Provided data section start
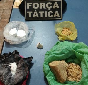 Em uma mesa da residência foi encontrado uma pedra bruta de crack enrolada em uma bexiga, totalizando 177 gramas, uma balança de precisão e $187 reais em notas fracionadas, que o autor disse ser proveniente da venda de drogas.
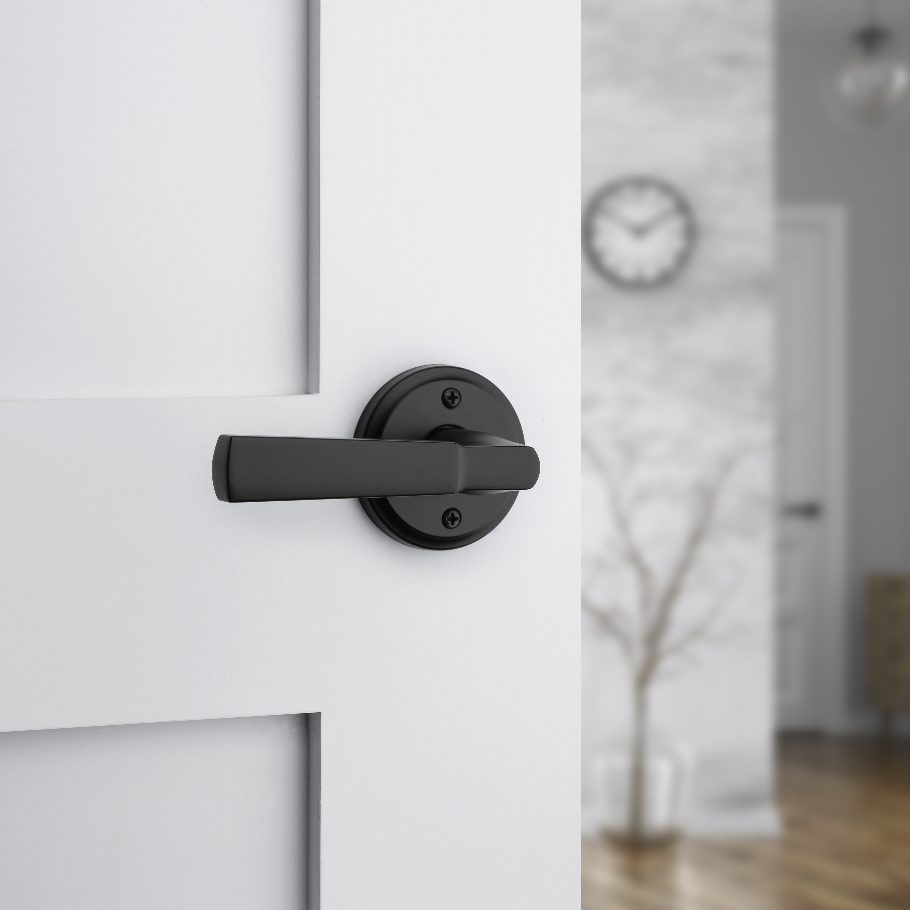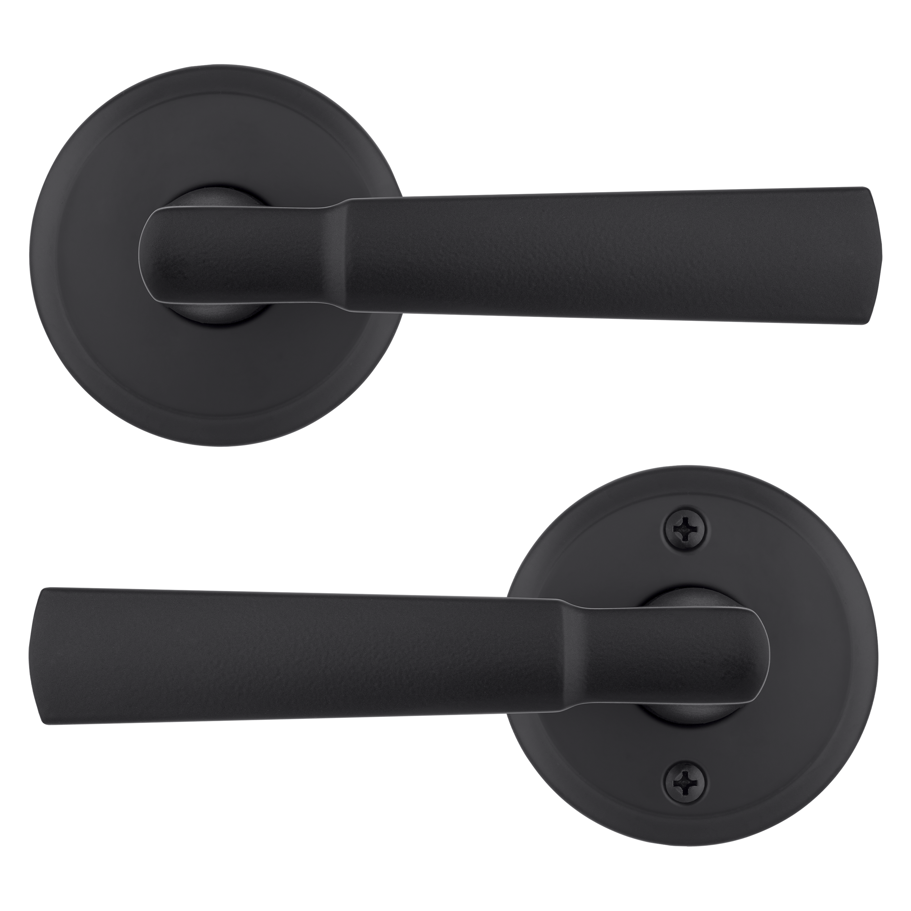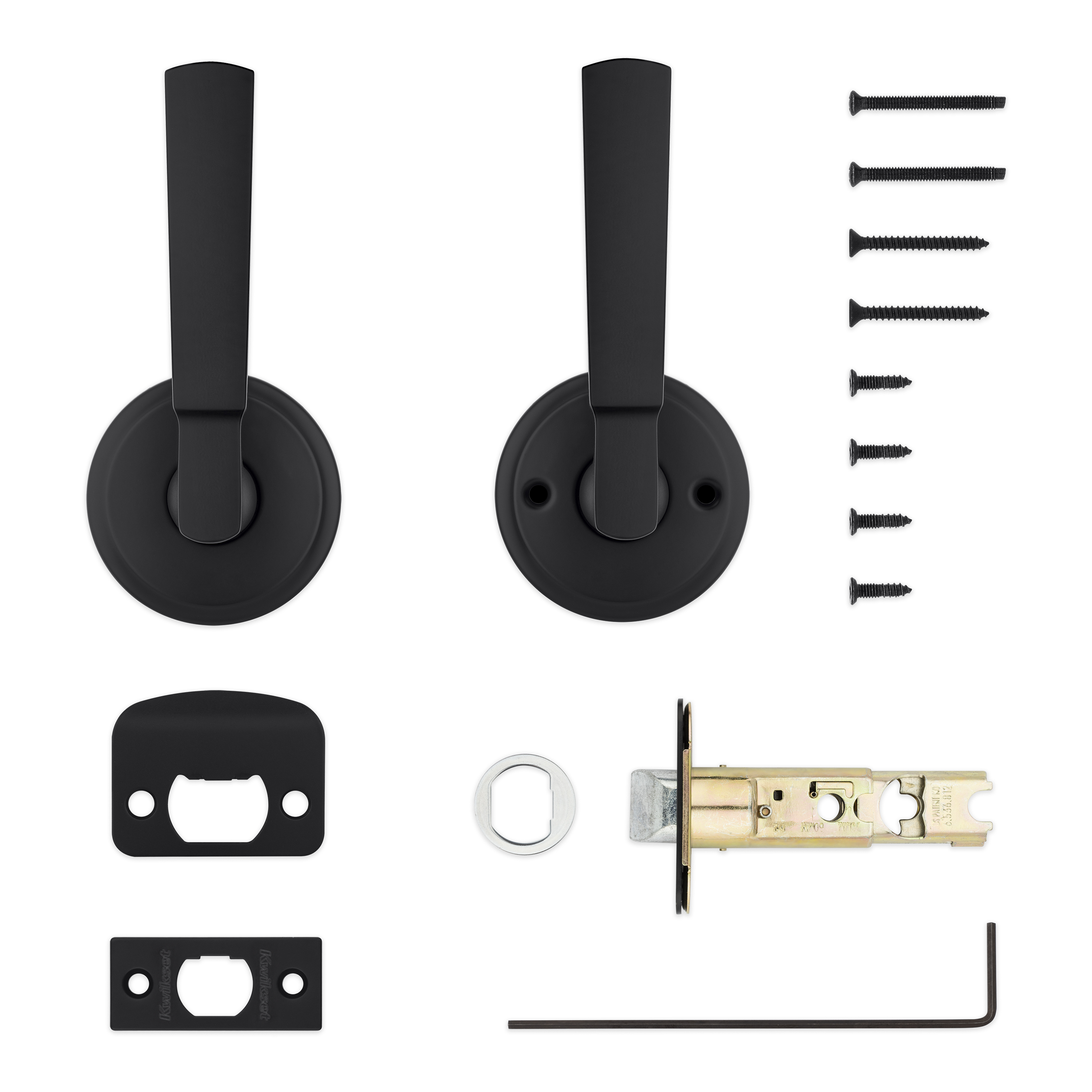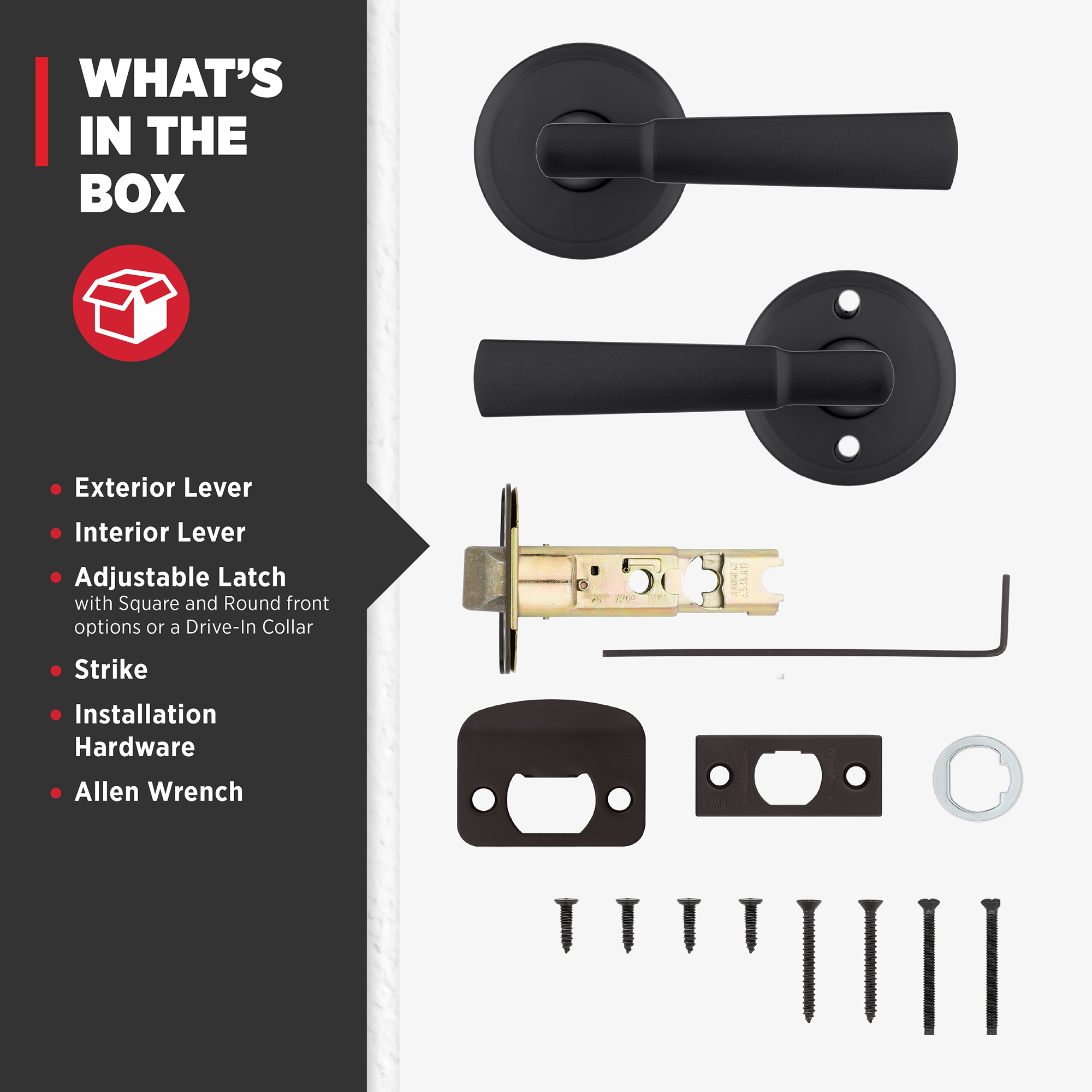 - Box Includes: Box Includes passage lever, Adjustable Latch with round and square front options or drive-in collar, round corner strike, designer rosette, screws and Allen wrench
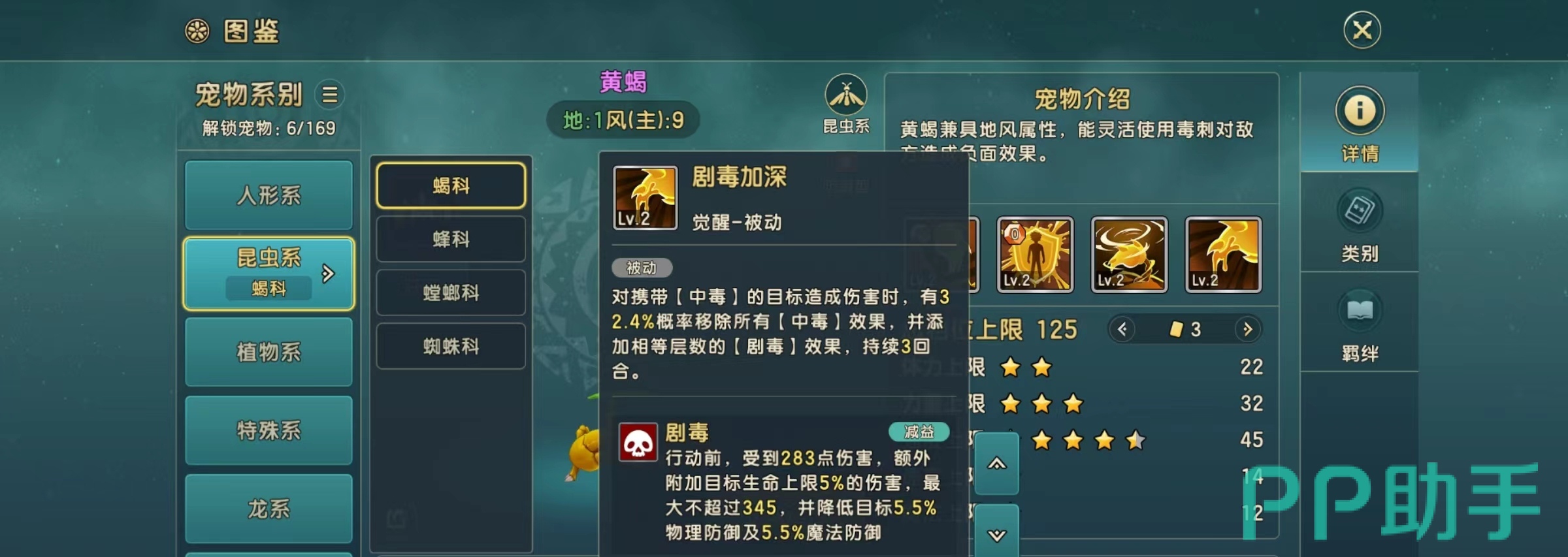 黄蝎属于蝎科宠物,而在蝎科宠物中,技能属性还是非常强的,并且在战斗过程中具有一定的优势,拥有一定的防御能力和攻击效果,而黄歇主要也是作为防御型的宠物来进行输出,拥有剧毒护盾,这也是所有蝎类宠物共有的特点,是一个非常隐秘的猎手,在攻击时可以选择对方一个单体的目标,然后添加剧毒护盾。
Provided data section end
* [Problem to solve] Take the material above from its first line through the line that has "- Box Includes: Box" and copy it exactly, without any pictures.

* [Answer to this task]
 Em uma mesa da residência foi encontrado uma pedra bruta de crack enrolada em uma bexiga, totalizando 177 gramas, uma balança de precisão e $187 reais em notas fracionadas, que o autor disse ser proveniente da venda de drogas.
 - Box Includes: Box Includes passage lever, Adjustable Latch with round and square front options or drive-in collar, round corner strike, designer rosette, screws and Allen wrench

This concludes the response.